■ TASK MATERIAL

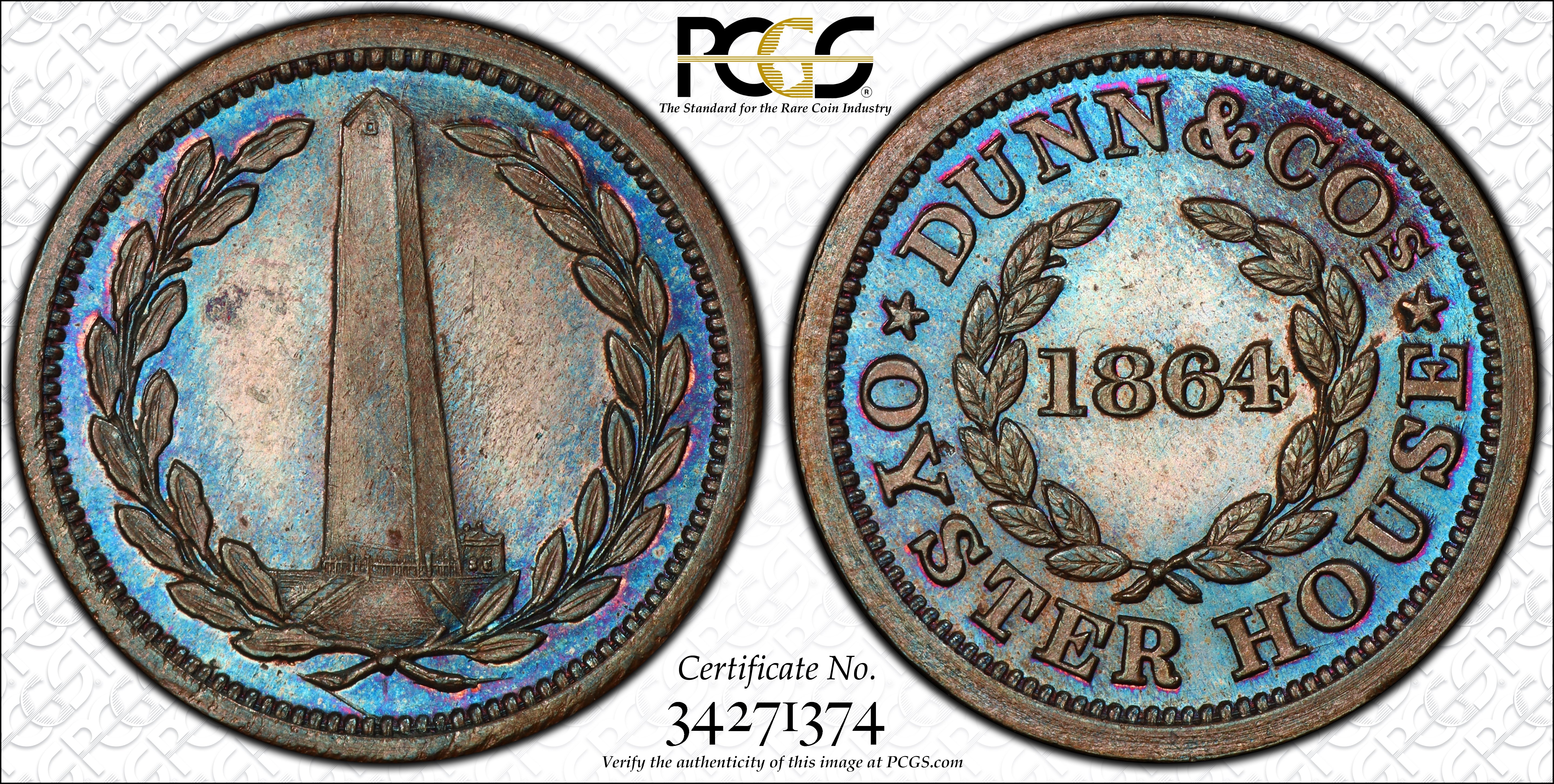 Here's a civil war token that happens to have beautiful toning. The Bunker Hill monument is portrayed on the reverse as this one is from Charlestown, MA. By Joseph H Merriam of Boston
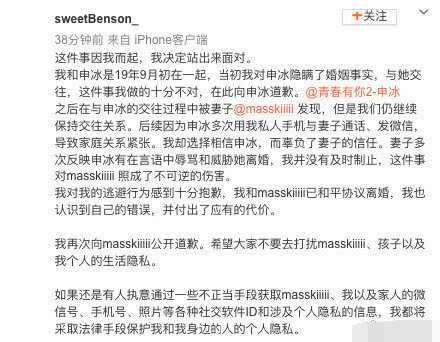 此前,有网友爆料称申冰插足自己的婚姻,并借用男方手机恐吓自己,随后该事件男方微博发文承认了该事实。
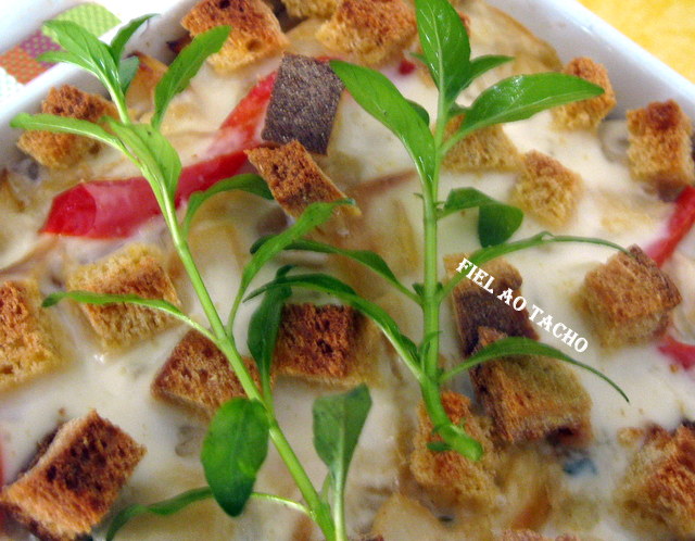 4 . Regue com o molho bechamel e polvilhe com a restante broa esfarelada. Leve ao forno, entre 25 a 30 minutos, a 190º. C, e sirva de seguida decorado a gosto.
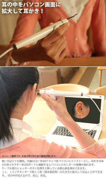 耳の中の映像をパソコンのモニターに映し、自分の耳の中を見ながら耳掃除ができます。
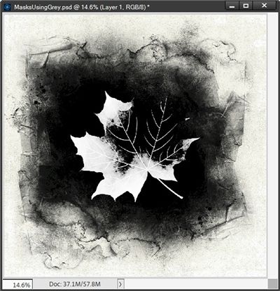 By using grey for the leaf detail, I created more transparency in the mask allowing the photo to show through a bit lighter in those areas. Remember at the beginning I said masks will recognize varying shades (or tones) in color values which causes the difference in transparency.
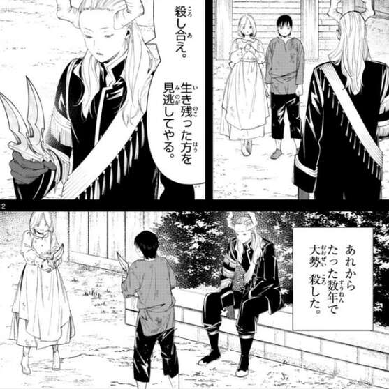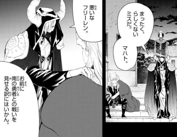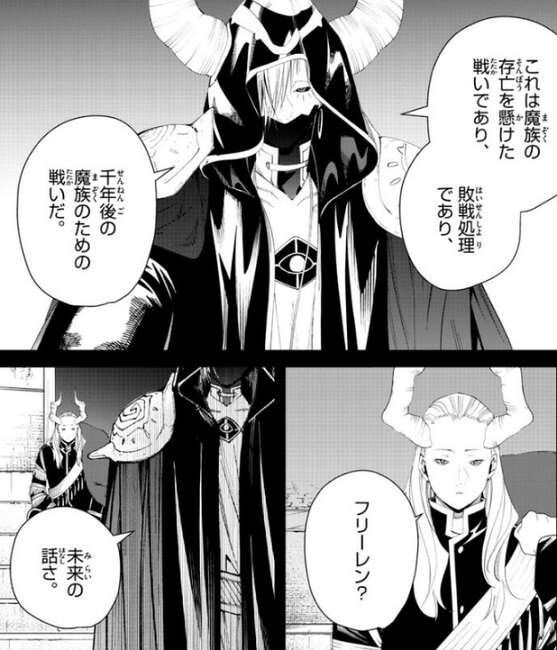 これは魔族の存亡を懸けた戦いであり、敗戦処理であり、千年後の魔族のための戦いだ、とシュラハトは話しますが、フリーレンが誰のことか分からないマハトは話を理解できずにいます。すると、未来の話さ、とシュラハトはマハトに話しかけます。

■ BRIEF
Everything from the first line of the records through the line containing "此前,有网友爆料称申冰插足自" should be reproduced exactly, apart from the pictures.

■ THE ANSWER
 Here's a civil war token that happens to have beautiful toning. The Bunker Hill monument is portrayed on the reverse as this one is from Charlestown, MA. By Joseph H Merriam of Boston
 此前,有网友爆料称申冰插足自己的婚姻,并借用男方手机恐吓自己,随后该事件男方微博发文承认了该事实。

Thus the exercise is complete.